00:39:12.280 --> 00:39:19.160
So, you know, in machine learning, you'd often have pipeline, like you start, you download your data, then you pre-process it.

00:39:19.160 --> 00:39:24.380
Then you convert it to something, then you train, then you run an evaluation step.

00:39:24.380 --> 00:39:26.900
And everything sort of depends on each other.

00:39:26.900 --> 00:39:28.400
And that can make things like really hard.

00:39:28.400 --> 00:39:33.220
And you never know, you usually have to run everything, you know, clean from scratch.

00:39:33.220 --> 00:39:36.040
Because, yeah, if something changes, your whole results change.

00:39:36.040 --> 00:39:42.380
So if you set up your pipelines with DVC, it can actually decide whether something needs to be rerun.

00:39:42.380 --> 00:39:47.240
Or it can also know what needs to be rerun to reproduce exactly what you're trying to do.

00:39:47.240 --> 00:39:48.240
So that's pretty cool.

00:39:48.240 --> 00:39:51.660
Yeah, that could save you a ton of time and money if you're doing it in the cloud.

00:39:51.660 --> 00:39:52.640
Yes, exactly.

00:39:52.640 --> 00:39:53.000
Yeah.

00:39:53.100 --> 00:39:55.240
And, you know, you can share it with other people.

00:39:55.240 --> 00:39:58.740
It's like, it's, I think it definitely solves a problem that's very real.

00:39:58.740 --> 00:40:04.600
And, yeah, the people making DVC, they've also recently released a new tool that I have not personally checked out yet.

00:40:04.600 --> 00:40:05.440
But it looks very interesting.

00:40:05.440 --> 00:40:08.800
It's called CML, which is short for Continuous Machine Learning.

00:40:08.800 --> 00:40:12.860
And that's really more of the CI, which kind of is logically the next step, right?

00:40:12.860 --> 00:40:14.540
You manage everything in your repo.

00:40:14.540 --> 00:40:18.940
And then you obviously want to run automated tests and continuous integration.

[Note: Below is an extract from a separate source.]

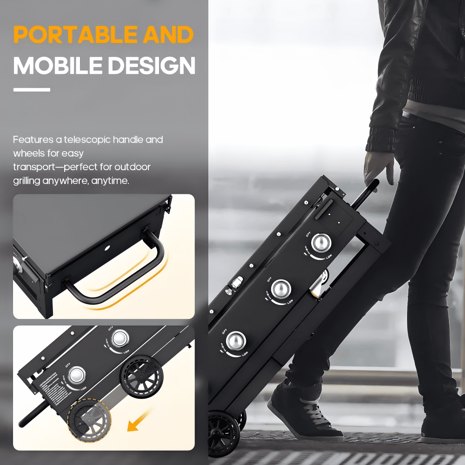 This family-friendly portable gas grill is a must-have for any BBQ enthusiast. Boasting 60,000 BTUs, it heats up quickly and efficiently, with four control knobs to adjust the temperature of each of the four individual burners. The handle design makes it easy to put on and take off the griddle plate, while the waste oil cup collects waste oil and the grease catch pan prevents oil from dropping. The cylinder holder base provides a secure place for your gas cylinder, and its versatile cooking capabilities allow you to cook a range of foods including eggs, pancakes, bacon, steak, and potatoes. It's ideal for use on your patio, in your garden, or in your backyard. Assembly is made easy with the clear instructions provided, and the smooth surface ensures effortless cleaning. Don't hesitate to order this Portable Gas Grill today!

00:40:18.940 --> 00:40:21.260
So the previous looked really cool.

00:40:21.260 --> 00:40:27.800
Like it showed kind of a GitHub action where you can submit a PR with like some changes to your code and your data.

00:40:28.040 --> 00:40:34.640
And then you have the bot commenting on it and it shows like accuracy results and a little graph and how stuff changes.

00:40:34.640 --> 00:40:45.980
So it's really like these code coverage bots that you've probably seen where like you change some lines and then it tells you, oh, coverage has gone up or down and, you know, the new view of your code.

00:40:45.980 --> 00:40:47.380
So that's what it looks like.

00:40:47.380 --> 00:40:49.140
So I think, yeah, I'm really excited about this.

00:40:49.140 --> 00:40:50.500
And definitely it solves a problem.

00:40:50.500 --> 00:40:52.320
It's already been solving a problem for us.

00:40:52.320 --> 00:40:52.860
And yeah.

00:40:52.860 --> 00:40:54.420
How does it store the large files?

00:40:54.420 --> 00:40:55.460
I know it has this cache.

00:40:55.460 --> 00:40:56.680
Is that a thing that you host?

00:40:56.680 --> 00:40:59.380
Does it have a hosted thing that's kind of like GitHub?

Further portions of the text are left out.